На генеральных репетициях всегда выплывают неожиданные проблемы. К примеру, режиссер понимает, что хореография слишком сложна для театральной сцены, и бросается перекраивать постановку. Ни один спектакль не показывали на сцене в том виде, в каком он задумывался. Балет – живой организм, а не застывшая в янтаре муха. Он дышит, он меняется, он живет.
А я забывала о жизни ради балета.
Гэрмони с Рейчел вели себя как ни в чем не бывало. Мы репетировали на сцене, все шло хорошо, в сцене с танцующими царевнами мисс Уиллоу поставила меня в центр.
Я была настороже. Могло случиться все что угодно. Рейчел могла запустить в меня поролоновым яблоком, которыми мы перебрасывались в заколдованном саду. Гэрмони, изображающая тринадцатую царевну, которая украла сердце Иван-царевича после того, как тот хотел похитить Жар-птицу, могла сдвинуться на пару сантиметров во время арабеска[39]
и зарядить мне ногой прямо в глаз.Но мы прогнали спектакль один раз, второй – и ничего. Пока мисс Уиллоу сидела в зале, отдавала последние распоряжения и даже пару раз улыбнулась, те двое вели себя как паиньки.
Ори станцевала соло, спутав все шаги. Она добавляла движения, вращалась там, где не надо. Улыбка сползла с лица мисс Уиллоу, однако одергивать Ори или кричать она не стала. Просто смотрела на сцену, а Ори постепенно вошла в образ, и то, что происходило, было похоже на чистое волшебство.
Я смотрела на нее во все глаза, а потом полезла в рюкзак, чтобы достать кусочек сыра. Наверное, я расслабилась и потеряла бдительность.
Записка лежала в одном из пуантов. Коди звал меня встретиться во время перерыва на заднем дворе.
Я ушла, не сказав Ори. У нее свои дела. Она блистает на сцене, а я стою за кулисами, отчаянно пытаясь сохранить чувство собственного достоинства.
Рюкзак я захватила с собой. Многие из балерин бегали в туннель-курилку за мусорным баком, по-быстрому делали пару затяжек, брызгались духами и залетали обратно, говоря, что выходили подышать свежим воздухом.
Вход в туннель зарос ветками. Я отвела их в сторону и скользнула внутрь.
Они успели переодеться в купальники.
– О, привет, Ви! – воскликнула Рейчел, задирая вверх ногу, якобы растягиваясь. – Ищешь кого?
– Нет, никого, – брякнула я.
Наверное, все было написано у меня на лице.
– Она не догадалась, – по-змеиному ухмыльнулась Гэрмони.
При других Гэрмони всегда говорила обо мне в третьем лице, хотя легко могла обратиться ко мне напрямую.

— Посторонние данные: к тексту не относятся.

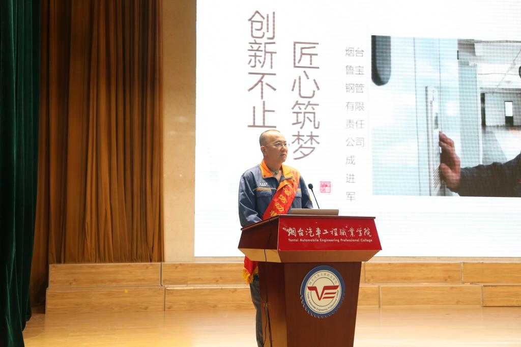 为大力弘扬劳模精神、劳动精神、工匠精神,充分发挥劳模工匠的引领示范作用,引导同学们热爱所学专业,增强职业认同感、荣誉感,形成崇尚先进、学习先进、争当先进的浓厚氛围,9月6日,烟台汽车工程职业学院在学院报告厅举行“劳模工匠进校园 匠心传承育未来”宣讲报告会。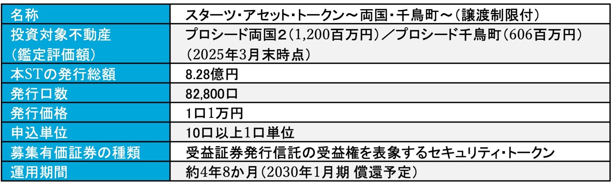 ご注意: 本リリースは、スターツ・アセット・トークン~両国・千鳥町~(譲渡制限付)の公募及び発行についての協働に関して、一般に公表するための文書であり、国内外を問わず個別の金融商品等への投資勧誘を目的として作成されたものではございません。投資を行う際は、必ず発行者が作成する受益権発行届出目論見書及びその訂正事項分をご覧いただいたうえで、投資家様ご自身の責任と判断でなさるようお願いいたします。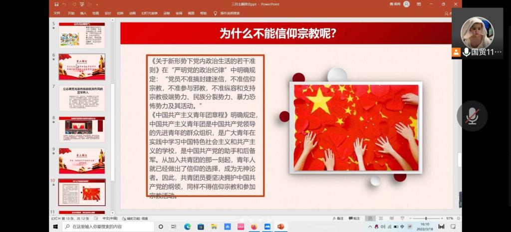 最后,主持人采取了新闻报刊与趣味问答相结合的的方式,引导同学们认真学习本次团会,指引共青团员成为一名坚定的马克思主义无神论者。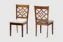 The Fatima Grey Fabric Upholstered and Walnut Brown Finished Wood Dining Chair Set of 2 brings a touch of modern elegance to your dining space. These chairs are designed with a sophisticated grey fabric upholstery and a rich walnut brown finish, making them a perfect addition to any contemporary home. Constructed from durable oak and rubberwood, these chairs are both stylish and sturdy.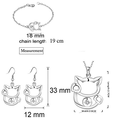 -. Title : Blue Crystal Cat Necklace Earrings Jewelry Set – Kitty Gift for Women Teen Girls Kids - Sensitive Ears

– Решила, что он действительно написал ей записочку, – вторила Рейчел. – Не знает, что он не будет танцевать в спектакле.
– Почему? – спросила я.
– Кто его разберет, – покачала головой Рейчел.

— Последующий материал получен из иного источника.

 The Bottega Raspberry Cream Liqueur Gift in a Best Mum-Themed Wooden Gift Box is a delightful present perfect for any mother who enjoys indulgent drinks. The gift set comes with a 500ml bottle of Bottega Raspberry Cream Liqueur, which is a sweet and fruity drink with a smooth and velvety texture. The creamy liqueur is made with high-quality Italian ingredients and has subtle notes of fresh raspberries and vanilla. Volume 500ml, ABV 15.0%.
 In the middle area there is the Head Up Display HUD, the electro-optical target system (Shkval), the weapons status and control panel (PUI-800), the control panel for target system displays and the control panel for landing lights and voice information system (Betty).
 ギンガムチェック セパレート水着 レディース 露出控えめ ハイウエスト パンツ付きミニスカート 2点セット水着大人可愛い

– Наверное, стесняется в колготках выступать, – предположила Гэрмони. – Лучше бы постеснялся с этой зажигать. – Она брезгливо указала на меня.
Обе наигранно передернулись. Гэрмони с вульгарным видом потыкала в щеку языком, а затем они отвернулись от меня и продолжили разговор как ни в чем не бывало, будто я не стояла в паре дюймов от них на пятачке размером с тюремную камеру. Как это все досадно, утомительно, не нужно! Они так и будут меня донимать на оставшихся репетициях? Или приберегли контрольный выстрел для субботнего спектакля, собираются показать всем ту фотку и растоптать меня в шаге от свободы?
Надо было развернуться и уйти, но я словно корни пустила в землю. Мне не хотелось покидать поле боя и оставлять их победительницами.
В вечерних сумерках в полумраке зарослей туннеля разыгрывался другой спектакль, только в нем не танцевали.
– Гэрмони! – сказала я.
Та продолжала нашептывать что-то на ухо Рейчел, прикрыв рот рукой.
– Рейчел! – сказала я.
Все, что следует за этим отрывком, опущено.